This exercise calls for the data below to be retyped exactly, minus any images.

Items from a dataset:
::::

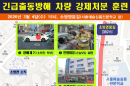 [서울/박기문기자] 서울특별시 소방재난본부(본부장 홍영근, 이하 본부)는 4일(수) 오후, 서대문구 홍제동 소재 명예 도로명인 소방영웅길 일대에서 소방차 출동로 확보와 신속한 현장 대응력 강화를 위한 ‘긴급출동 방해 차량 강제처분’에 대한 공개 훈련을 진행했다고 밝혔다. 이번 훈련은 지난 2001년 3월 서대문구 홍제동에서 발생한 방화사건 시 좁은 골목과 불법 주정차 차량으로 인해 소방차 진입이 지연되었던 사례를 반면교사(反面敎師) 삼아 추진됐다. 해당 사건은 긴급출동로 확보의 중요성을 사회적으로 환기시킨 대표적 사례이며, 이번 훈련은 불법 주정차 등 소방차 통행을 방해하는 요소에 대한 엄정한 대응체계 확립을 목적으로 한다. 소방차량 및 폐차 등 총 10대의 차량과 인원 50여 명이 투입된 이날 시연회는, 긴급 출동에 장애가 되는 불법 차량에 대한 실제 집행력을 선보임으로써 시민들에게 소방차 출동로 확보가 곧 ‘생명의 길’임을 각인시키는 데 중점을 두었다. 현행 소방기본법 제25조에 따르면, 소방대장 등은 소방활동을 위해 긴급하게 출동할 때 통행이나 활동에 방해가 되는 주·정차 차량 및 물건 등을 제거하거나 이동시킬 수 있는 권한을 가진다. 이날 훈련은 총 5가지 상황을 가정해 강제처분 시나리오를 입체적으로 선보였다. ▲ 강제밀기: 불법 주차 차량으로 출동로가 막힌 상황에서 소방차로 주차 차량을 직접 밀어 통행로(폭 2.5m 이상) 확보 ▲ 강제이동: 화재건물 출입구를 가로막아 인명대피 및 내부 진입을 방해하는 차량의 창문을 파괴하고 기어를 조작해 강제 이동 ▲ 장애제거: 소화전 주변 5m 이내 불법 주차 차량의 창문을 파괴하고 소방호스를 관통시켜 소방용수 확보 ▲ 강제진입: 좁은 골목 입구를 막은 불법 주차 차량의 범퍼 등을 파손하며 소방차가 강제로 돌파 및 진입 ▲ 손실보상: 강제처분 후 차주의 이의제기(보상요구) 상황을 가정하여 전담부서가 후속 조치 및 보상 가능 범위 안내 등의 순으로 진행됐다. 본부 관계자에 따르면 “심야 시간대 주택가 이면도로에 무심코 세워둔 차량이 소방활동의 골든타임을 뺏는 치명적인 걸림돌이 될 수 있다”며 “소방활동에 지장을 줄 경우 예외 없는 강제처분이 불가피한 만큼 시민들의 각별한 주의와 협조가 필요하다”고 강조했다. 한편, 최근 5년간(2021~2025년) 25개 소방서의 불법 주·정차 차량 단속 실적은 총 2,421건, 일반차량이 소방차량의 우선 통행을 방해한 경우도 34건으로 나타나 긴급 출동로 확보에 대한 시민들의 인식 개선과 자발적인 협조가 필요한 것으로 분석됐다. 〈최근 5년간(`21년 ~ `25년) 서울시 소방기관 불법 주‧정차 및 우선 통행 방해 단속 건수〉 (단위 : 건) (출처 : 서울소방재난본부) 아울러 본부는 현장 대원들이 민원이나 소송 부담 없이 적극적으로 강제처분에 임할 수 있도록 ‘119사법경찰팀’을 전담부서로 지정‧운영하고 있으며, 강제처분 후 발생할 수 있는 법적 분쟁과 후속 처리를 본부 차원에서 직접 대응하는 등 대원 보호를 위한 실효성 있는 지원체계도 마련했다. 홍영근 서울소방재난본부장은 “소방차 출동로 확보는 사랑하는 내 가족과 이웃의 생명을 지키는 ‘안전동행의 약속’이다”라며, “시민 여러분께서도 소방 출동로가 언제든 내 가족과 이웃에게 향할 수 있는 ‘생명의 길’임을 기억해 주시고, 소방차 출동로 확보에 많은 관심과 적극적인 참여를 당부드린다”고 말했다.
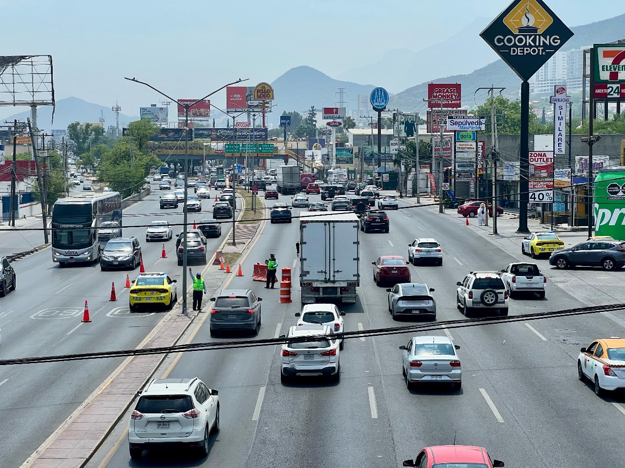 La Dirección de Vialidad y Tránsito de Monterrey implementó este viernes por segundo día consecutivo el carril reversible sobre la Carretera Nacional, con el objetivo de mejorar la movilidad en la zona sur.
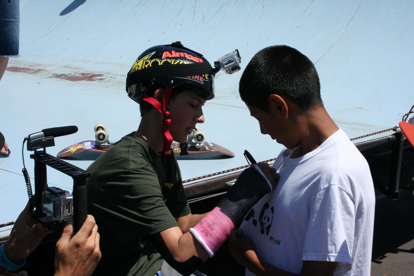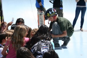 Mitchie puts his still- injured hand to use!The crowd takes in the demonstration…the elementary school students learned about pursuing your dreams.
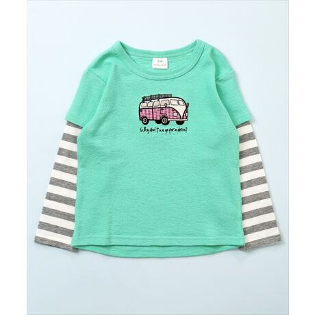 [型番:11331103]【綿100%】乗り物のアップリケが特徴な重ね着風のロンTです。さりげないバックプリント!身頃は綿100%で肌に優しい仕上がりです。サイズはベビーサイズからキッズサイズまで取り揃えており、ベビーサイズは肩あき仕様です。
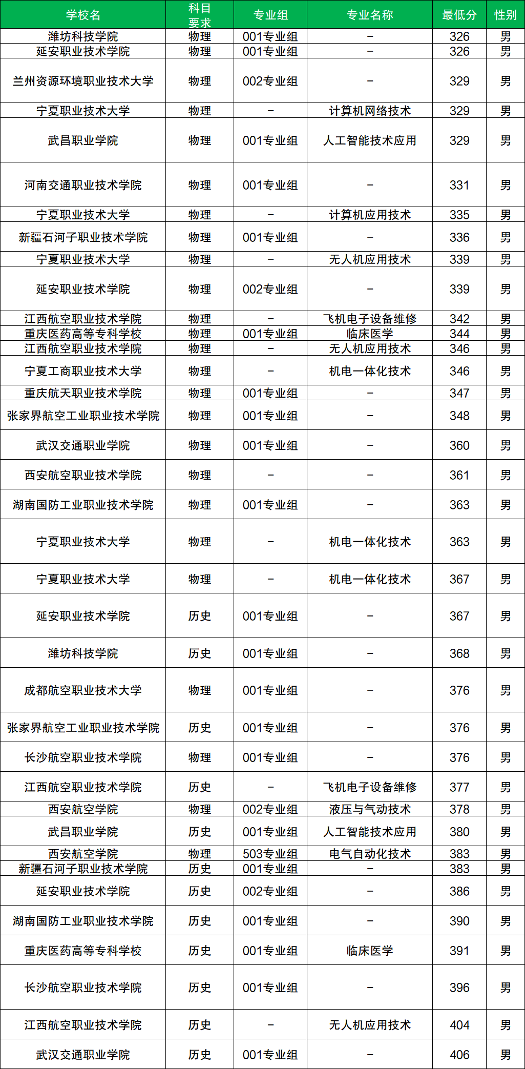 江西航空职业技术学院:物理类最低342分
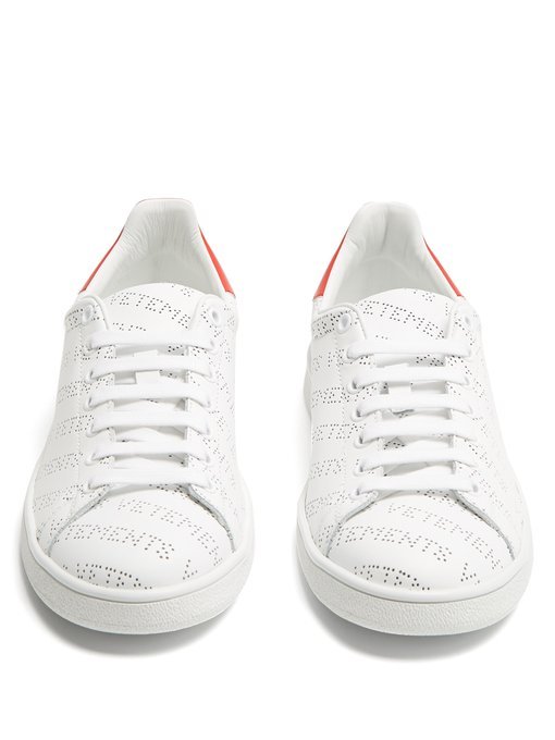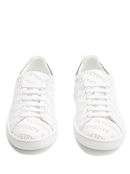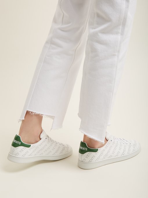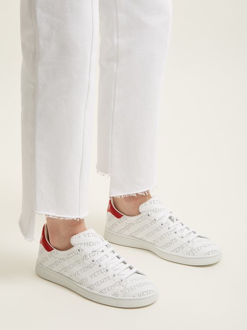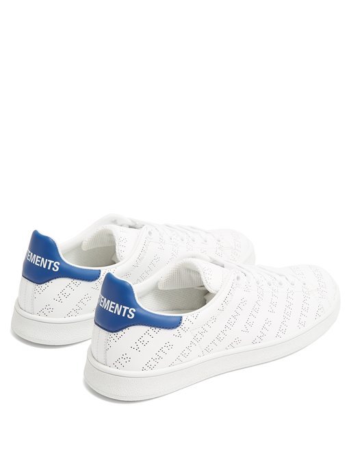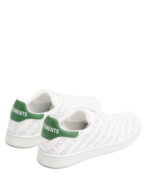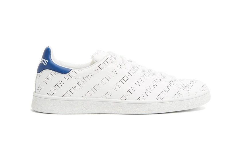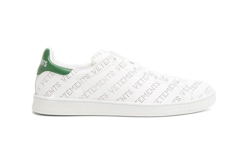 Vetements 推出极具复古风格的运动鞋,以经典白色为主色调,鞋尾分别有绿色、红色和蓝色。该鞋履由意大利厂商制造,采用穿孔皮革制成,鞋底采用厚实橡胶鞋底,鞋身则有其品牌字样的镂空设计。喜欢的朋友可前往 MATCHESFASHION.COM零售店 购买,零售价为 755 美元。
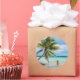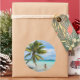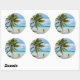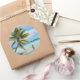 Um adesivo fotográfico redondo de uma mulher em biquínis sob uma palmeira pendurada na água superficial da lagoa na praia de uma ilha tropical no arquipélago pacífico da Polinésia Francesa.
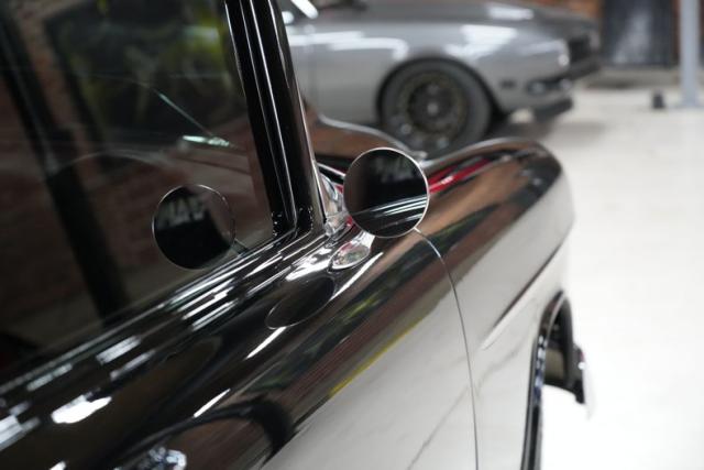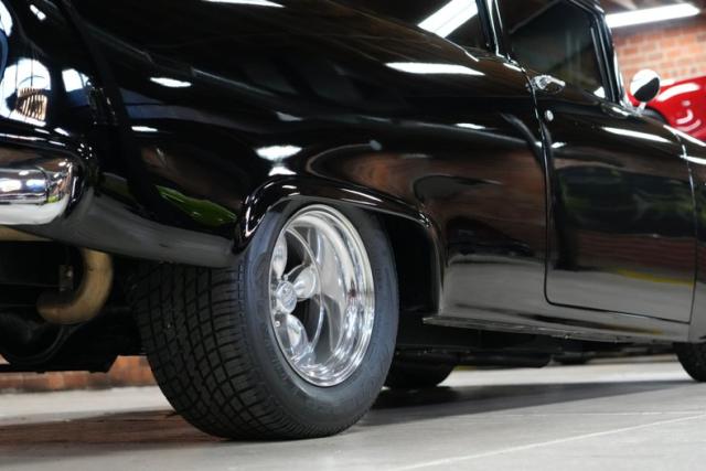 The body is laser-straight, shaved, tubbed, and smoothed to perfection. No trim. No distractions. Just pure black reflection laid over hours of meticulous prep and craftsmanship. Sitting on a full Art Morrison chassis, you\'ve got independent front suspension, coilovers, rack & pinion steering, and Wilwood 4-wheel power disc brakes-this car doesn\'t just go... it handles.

::::

Task response:
 [서울/박기문기자] 서울특별시 소방재난본부(본부장 홍영근, 이하 본부)는 4일(수) 오후, 서대문구 홍제동 소재 명예 도로명인 소방영웅길 일대에서 소방차 출동로 확보와 신속한 현장 대응력 강화를 위한 ‘긴급출동 방해 차량 강제처분’에 대한 공개 훈련을 진행했다고 밝혔다. 이번 훈련은 지난 2001년 3월 서대문구 홍제동에서 발생한 방화사건 시 좁은 골목과 불법 주정차 차량으로 인해 소방차 진입이 지연되었던 사례를 반면교사(反面敎師) 삼아 추진됐다. 해당 사건은 긴급출동로 확보의 중요성을 사회적으로 환기시킨 대표적 사례이며, 이번 훈련은 불법 주정차 등 소방차 통행을 방해하는 요소에 대한 엄정한 대응체계 확립을 목적으로 한다. 소방차량 및 폐차 등 총 10대의 차량과 인원 50여 명이 투입된 이날 시연회는, 긴급 출동에 장애가 되는 불법 차량에 대한 실제 집행력을 선보임으로써 시민들에게 소방차 출동로 확보가 곧 ‘생명의 길’임을 각인시키는 데 중점을 두었다. 현행 소방기본법 제25조에 따르면, 소방대장 등은 소방활동을 위해 긴급하게 출동할 때 통행이나 활동에 방해가 되는 주·정차 차량 및 물건 등을 제거하거나 이동시킬 수 있는 권한을 가진다. 이날 훈련은 총 5가지 상황을 가정해 강제처분 시나리오를 입체적으로 선보였다. ▲ 강제밀기: 불법 주차 차량으로 출동로가 막힌 상황에서 소방차로 주차 차량을 직접 밀어 통행로(폭 2.5m 이상) 확보 ▲ 강제이동: 화재건물 출입구를 가로막아 인명대피 및 내부 진입을 방해하는 차량의 창문을 파괴하고 기어를 조작해 강제 이동 ▲ 장애제거: 소화전 주변 5m 이내 불법 주차 차량의 창문을 파괴하고 소방호스를 관통시켜 소방용수 확보 ▲ 강제진입: 좁은 골목 입구를 막은 불법 주차 차량의 범퍼 등을 파손하며 소방차가 강제로 돌파 및 진입 ▲ 손실보상: 강제처분 후 차주의 이의제기(보상요구) 상황을 가정하여 전담부서가 후속 조치 및 보상 가능 범위 안내 등의 순으로 진행됐다. 본부 관계자에 따르면 “심야 시간대 주택가 이면도로에 무심코 세워둔 차량이 소방활동의 골든타임을 뺏는 치명적인 걸림돌이 될 수 있다”며 “소방활동에 지장을 줄 경우 예외 없는 강제처분이 불가피한 만큼 시민들의 각별한 주의와 협조가 필요하다”고 강조했다. 한편, 최근 5년간(2021~2025년) 25개 소방서의 불법 주·정차 차량 단속 실적은 총 2,421건, 일반차량이 소방차량의 우선 통행을 방해한 경우도 34건으로 나타나 긴급 출동로 확보에 대한 시민들의 인식 개선과 자발적인 협조가 필요한 것으로 분석됐다. 〈최근 5년간(`21년 ~ `25년) 서울시 소방기관 불법 주‧정차 및 우선 통행 방해 단속 건수〉 (단위 : 건) (출처 : 서울소방재난본부) 아울러 본부는 현장 대원들이 민원이나 소송 부담 없이 적극적으로 강제처분에 임할 수 있도록 ‘119사법경찰팀’을 전담부서로 지정‧운영하고 있으며, 강제처분 후 발생할 수 있는 법적 분쟁과 후속 처리를 본부 차원에서 직접 대응하는 등 대원 보호를 위한 실효성 있는 지원체계도 마련했다. 홍영근 서울소방재난본부장은 “소방차 출동로 확보는 사랑하는 내 가족과 이웃의 생명을 지키는 ‘안전동행의 약속’이다”라며, “시민 여러분께서도 소방 출동로가 언제든 내 가족과 이웃에게 향할 수 있는 ‘생명의 길’임을 기억해 주시고, 소방차 출동로 확보에 많은 관심과 적극적인 참여를 당부드린다”고 말했다.
 La Dirección de Vialidad y Tránsito de Monterrey implementó este viernes por segundo día consecutivo el carril reversible sobre la Carretera Nacional, con el objetivo de mejorar la movilidad en la zona sur.
 Mitchie puts his still- injured hand to use!The crowd takes in the demonstration…the elementary school students learned about pursuing your dreams.
 [型番:11331103]【綿100%】乗り物のアップリケが特徴な重ね着風のロンTです。さりげないバックプリント!身頃は綿100%で肌に優しい仕上がりです。サイズはベビーサイズからキッズサイズまで取り揃えており、ベビーサイズは肩あき仕様です。
 江西航空职业技术学院:物理类最低342分
 Vetements 推出极具复古风格的运动鞋,以经典白色为主色调,鞋尾分别有绿色、红色和蓝色。该鞋履由意大利厂商制造,采用穿孔皮革制成,鞋底采用厚实橡胶鞋底,鞋身则有其品牌字样的镂空设计。喜欢的朋友可前往 MATCHESFASHION.COM零售店 购买,零售价为 755 美元。
 Um adesivo fotográfico redondo de uma mulher em biquínis sob uma palmeira pendurada na água superficial da lagoa na praia de uma ilha tropical no arquipélago pacífico da Polinésia Francesa.
 The body is laser-straight, shaved, tubbed, and smoothed to perfection. No trim. No distractions. Just pure black reflection laid over hours of meticulous prep and craftsmanship. Sitting on a full Art Morrison chassis, you\'ve got independent front suspension, coilovers, rack & pinion steering, and Wilwood 4-wheel power disc brakes-this car doesn\'t just go... it handles.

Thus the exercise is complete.